Rose is again faced with these sort of situations in "New Earth" and in "Fear Her" reminding us as an audience that we can't always rely on the Doctor to be there. Rose is desperate to escape in "New Earth" and keeps telling Cassandra to inhabit her body so the Doctor can get them out of their predicament but the Doctor insists on housing Cassandra so Rose is safe. In "Fear Her" the Doctor is drawn into a picture and can't help Rose figure out what is going on to free him. Not only do these episodes allow Rose to grow as a character but it also forces her to live in a world without the Doctor. It is perhaps because of these absences that allows her to make the choice to stay with the Doctor in "Doomsday". She's been forced to be without the Doctor so many times that she knows how empty life would be without him. It also makes her parting with him all the more tragic because she knows what her life will feel like.
But it isn't just Rose that has to live without the Doctor. Martha is often put on adventures by herself. In "Human Nature" and "Family of Blood", we see what the Doctor would be like if he were purely human. What he becomes is some bumbling, mousy professor who is too clumsy and nervous to speak to women. Knowing what the Doctor is truly like and how wonderful he is and seeing him reduced to this empty shell of a man really puts into perspective how grand the Doctor is. We can almost see the shadow of the Doctor following around his human form and how they could never measure up. Again, the Doctor's absence because a physical thing.

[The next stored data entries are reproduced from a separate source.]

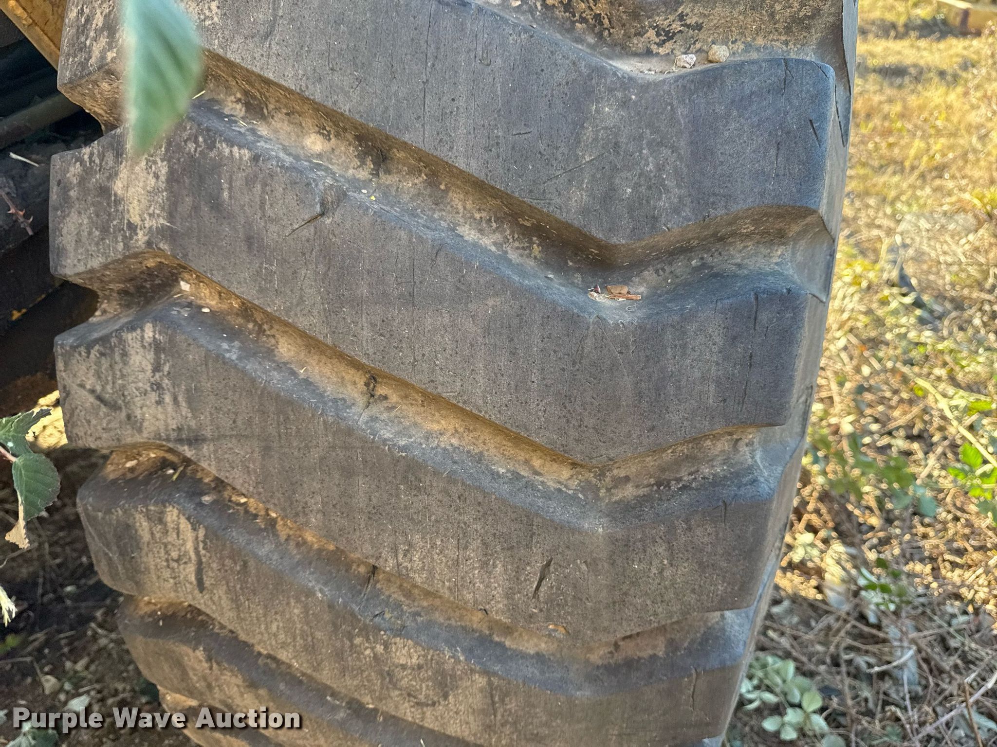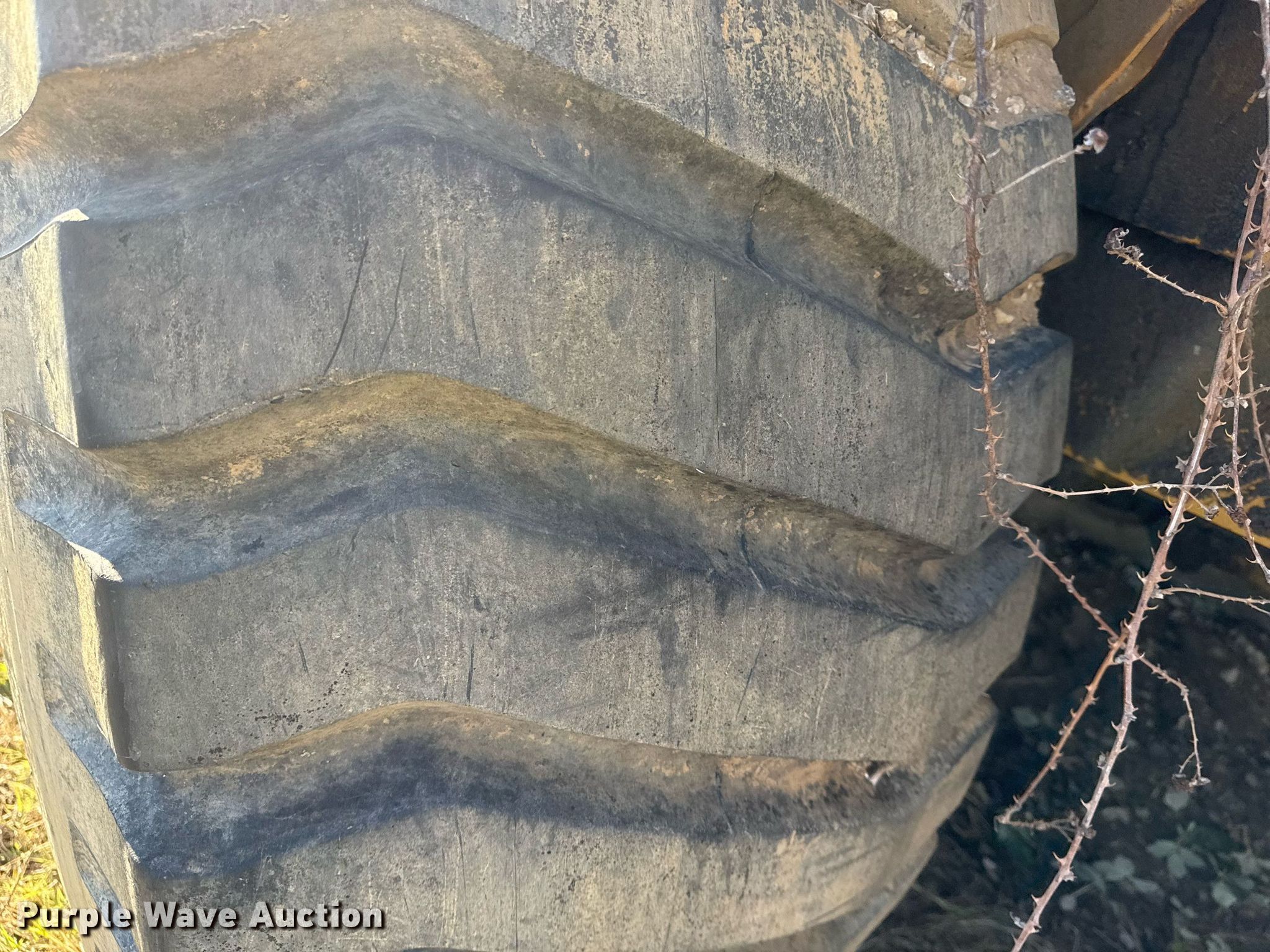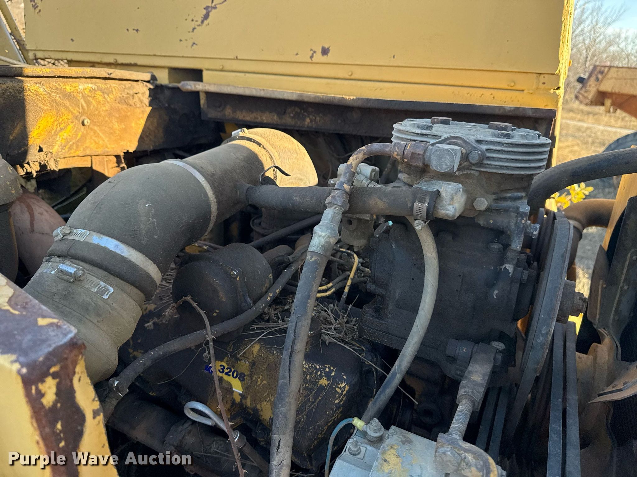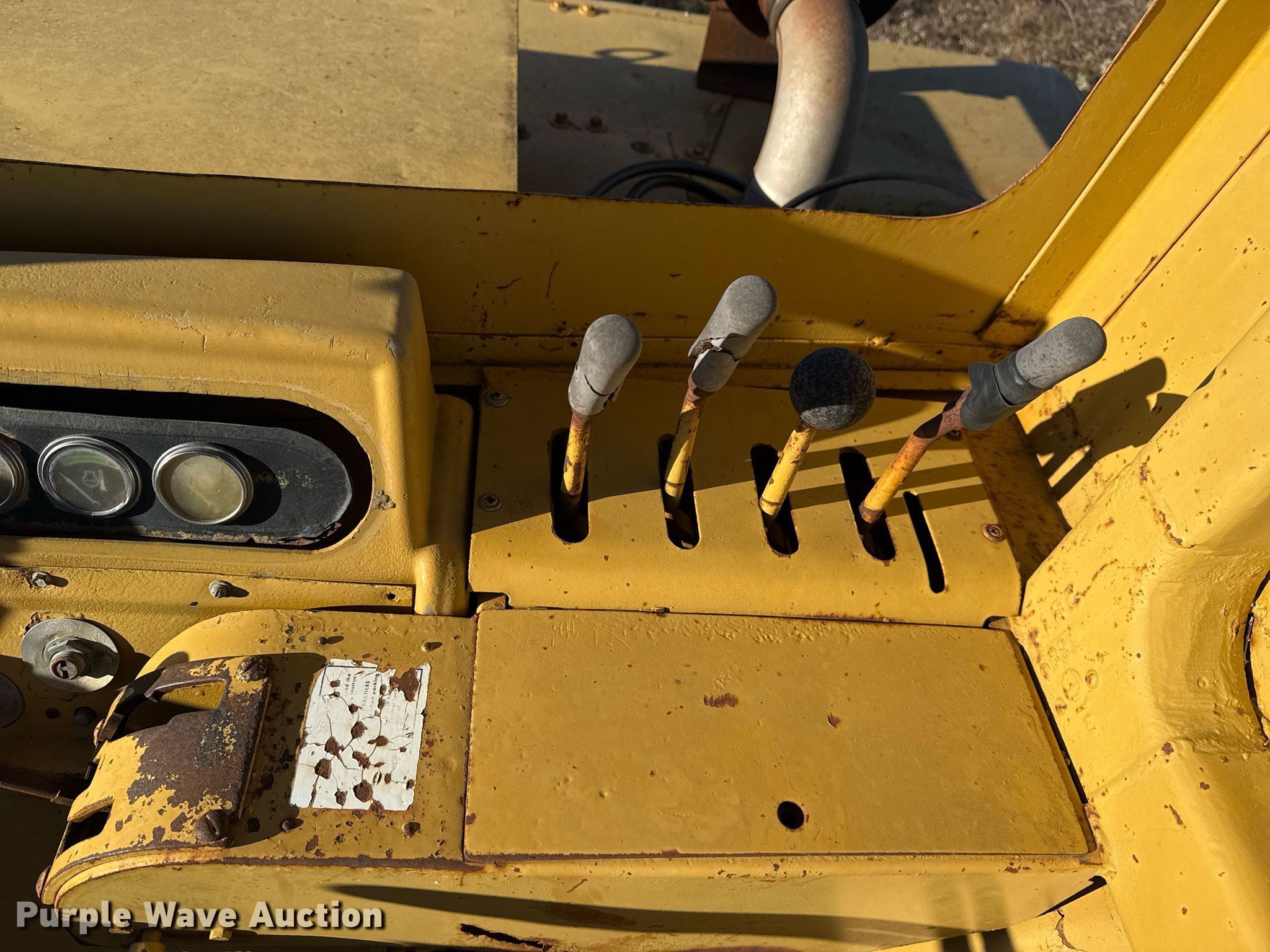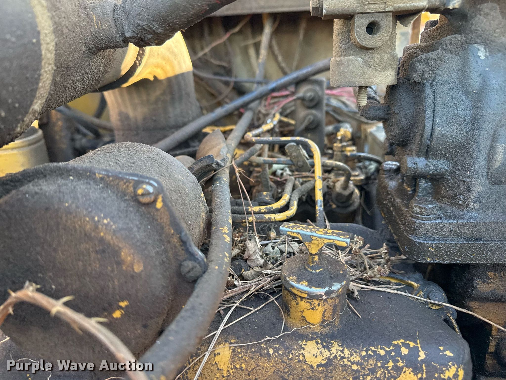1979 Caterpillar 613B elevating scraper. Hours: 6,998 on meter, Serial: 38W5896. Engine Caterpillar 3208, Serial: 79V6216, Cylinders: 6, Fuel type: Diesel. Transmission Powershift, 4F - 2R. Chassis Brakes: Air. Features Elevator reverse, Hydraulic lift, Scraper controls: Lever controls No. of controls: 4, Rear push block, Hitch: Rear. Tires Size: 23.5-25. Notes Glass missing, Door missing, Possible rodent damage, Non-operational unit. Ira Green Construction - Open Inspection December 18, 2024. Claremore, OK 74017
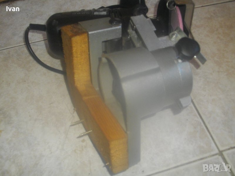 Машината е с поставена допълнително масивна дъска под долната основа за стабилен и здрав стоеж, с поставени 2 видии в дъската за захват на машината към работна маса.
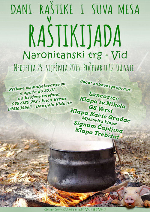 26.1.2015. - Druga vidonjska Raštikijada pokazala je da je od dobre zamisli do tradicije kratak put pa smo sigurni da će i dogodine u Vidu biti barem isto tako dobro kao i ove godine. Na Naronskome trgu „u sjeni“ Arheološkoga muzeja Narona kuhalo se jelo koje su, valjda, zimi cijenili i stari Rimljani.
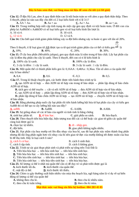 Câu 18. Bằng phương pháp nuôi cấy hạt phấn rồi tiến hành lưỡng bội hóa từ hạt phấn của cây có kiểu gen
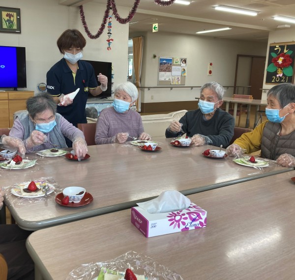 おっかなびっくり丸める方,具材の餡子や苺を先に食べようとしてしまう方,職員に完全に任せてしまって笑顔の方など、皆様それぞれでしたが,楽しんでいただきました。
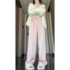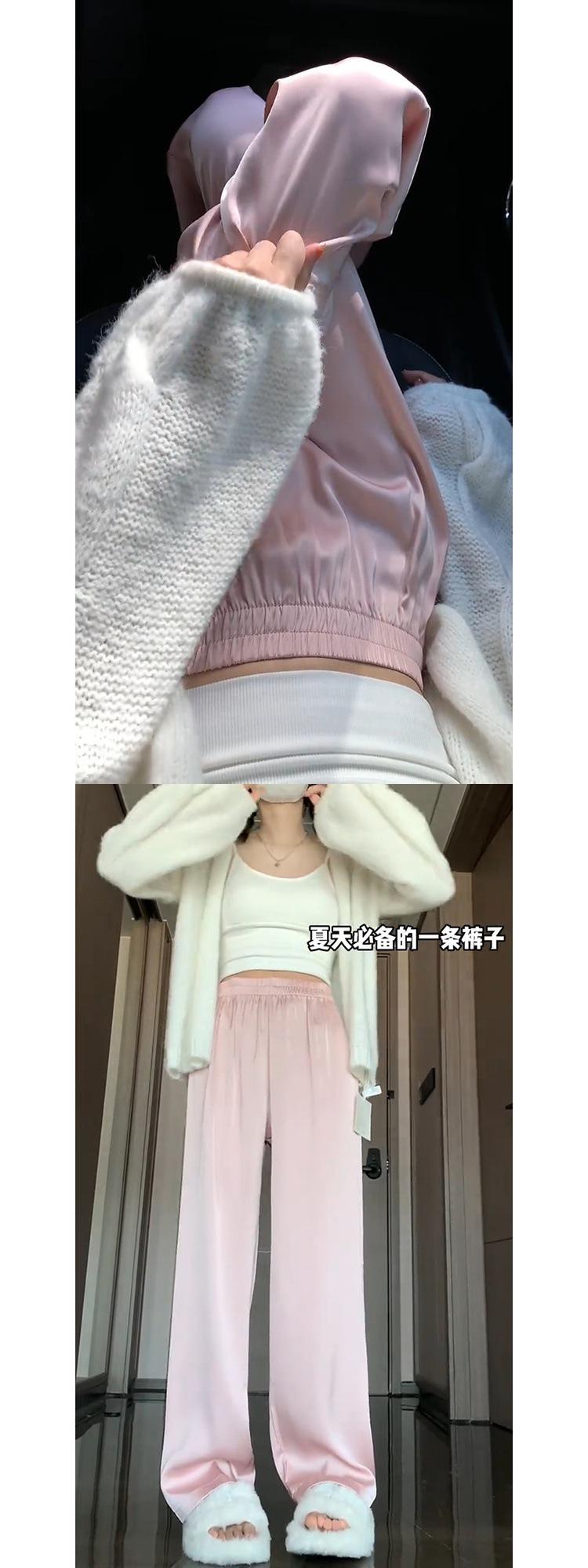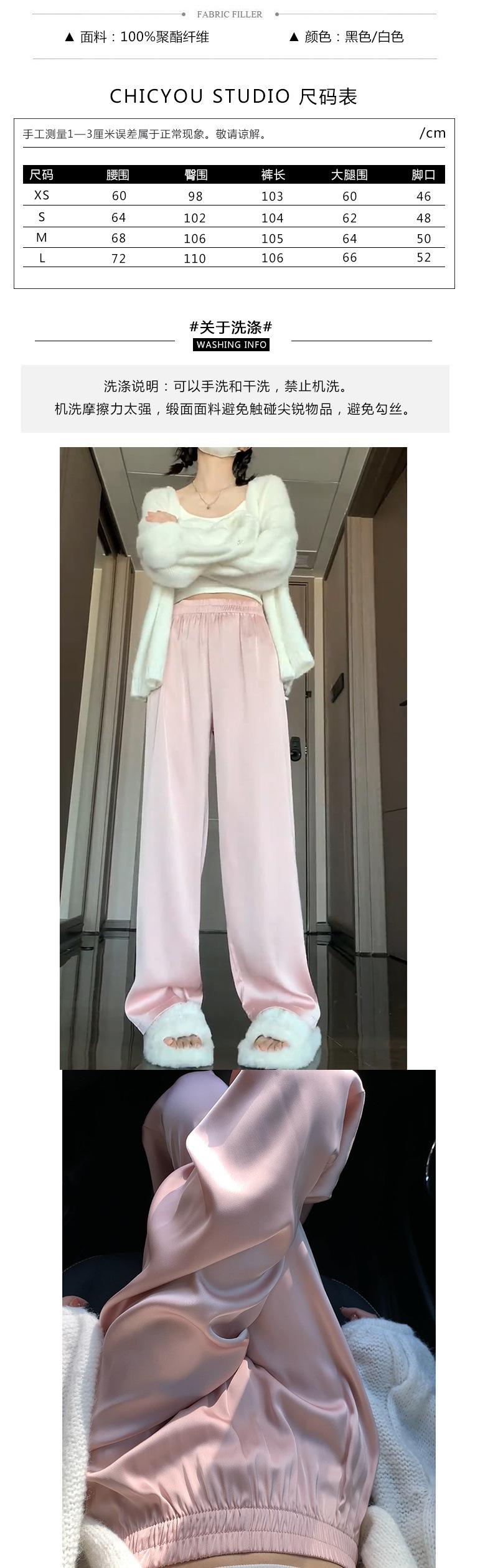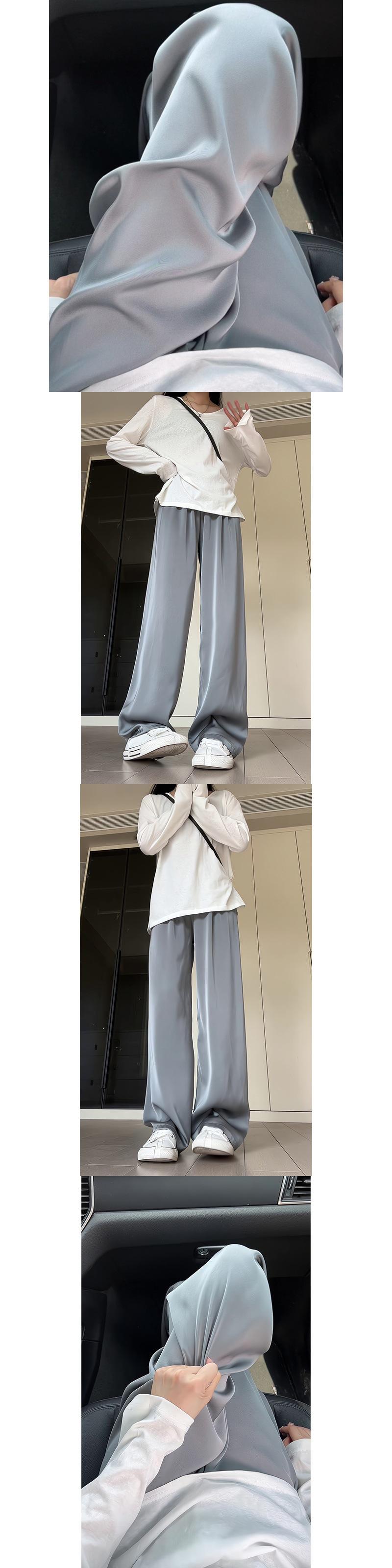 Verano 2023 tacto sedoso ácido acético no se arruga fácilmente cintura elástica pantalones de satén de pierna ancha casuales sueltos

In "Turn Left" even Donna is faced with what her life would be if the Doctor was never in it. We see a body being rolled away and a hand with a sonic screwdriver in it. The Doctor dies because he didn't have Donna to help him and as a result, all the things he prevented from happening happen. The spider queen wins, the airborn Titantic takes out most of London, the hospital stays on the moon killing everyone in it including Sarah Jane Smith and more. The world goes to hell all because Donna never meets the Doctor and helps him. Again, his absence is composed of all the bad things that happen and it becomes a character again. His absence truly is the representation of doom.
Even the 11th Doctor must go through this in "The Big Bang". One of my saddest moments is when the 11th Doctor gives himself up to the crack in Amy Pond's wall to right time, essentially erasing himself in time. Watching Amy's life as she grows up feels all wrong because it doesn't have the Doctor in it. It also makes his reappearance (arguably) the most joyous moment in the show.
We know what the Doctor's negative space leaves---doom and despair--because we've been shown repeatedly what a Doctor Who world would be like without the Doctor in it. His absence speaks just as loud as his presence and it shakes us to our very core. It also tells us why the companions so dread the day they have to leave the Doctor. They are essentially giving the magic up one way or another. I find it so fascinating that a show is able to make a character out of a character disappearing and that they go to such great lengths to remind us what that character's presence means. But if any show is going to do it so eloquently I am not surprised at all that it is Doctor Who.
So what do you guys think of this concept?